In Deutschland werden bereits an einigen Orten Wahlcomputer bei etwaigen Wahlen eingesetzt; das ganze System soll langsam auch Flächendeckender eingesetzt werden und soll uns natürlich auch irgendwann wieder erreichen.
Nun sorgt aber in den USA eine von der Kalifornischen Innenministerin Debra Bowen ins Leben gerufene große Untersuchung der Wahlcomputer für Schlagzeilen:
http://www.heise.de/newsticker/meldung/93800
http://www.heise.de/newsticker/meldung/94737
Der erste Link zeigt die leichte Manipulierbarkeit der Wahlcomputer, der zweite, dass der Vertreiber sogar nicht-zertifizierte Wahlcomputer ausgeliefert haben!
Nun meine beiden Fragen an sie:
1. Natürlich, wie sie persönlich zu dem Einsatz von Wahlcomputern stehen
und
2. Ob so ein "Top-to-Bottom Review" nicht auch in Deutschland sinnvoll wäre, um die Funktionalität der in Deutschland eingesetzten Geräte zu prüfen; schliesslich sind diese Geräte ebenso bereits nachweislich Manipulierbar:
http://www.heise.de/newsticker/meldung/79052
http://www.heise.de/newsticker/meldung/79080
(die zweite Meldung soll verdeutlichen, dass die getesten Wahlcomputer auch bereits in Deutschland eingesetzt wurden!)
auf Antwort freuend:
Timo Bauer
Sehr geehrter Herr Bauer,
vielen Dank für Ihre Email vom 22. August 2007.

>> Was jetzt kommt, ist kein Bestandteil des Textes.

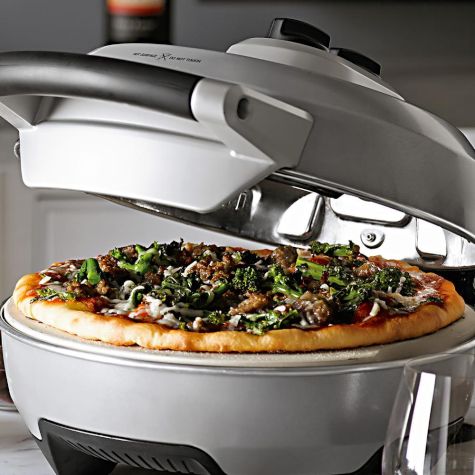 Using the pizza peel, transfer the pizza to a cutting board. Preheat the pizza maker again, assemble the remaining pizza and bake on the classic setting. Cut the pizza into slices and serve immediately. Makes two 10-inch (25-cm) pizzas.

Sie fügen Ihrer E-Mail verschiedene Meldungen bei, die sich mit der Sicherheit von US-amerikanischen Wahlgeräten befassen. Die in den USA eingesetzten Wahlgeräte sind mit den deutschen Geräten nicht vergleichbar. Ein wesentlicher Unterschied ist, dass die Wahlgeräte in den Wahllokalen offenbar miteinander vernetzt sind. Hieraus ergeben sich deutlich mehr Manipulationsmöglichkeiten als bei stand-alone-Geräten. In Deutschland sind die einzelnen Wahlgeräte nicht miteinander vernetzt. Nach der Wahl werden – wie bei der herkömmlichen Wahl – die Ergebnisse in jedem einzelnen Wahllokal ermittelt. Diese Ergebnisse sind Grundlage für die endgültigen Wahlergebnisse im Wahlkreis, im Land und im Bundesgebiet.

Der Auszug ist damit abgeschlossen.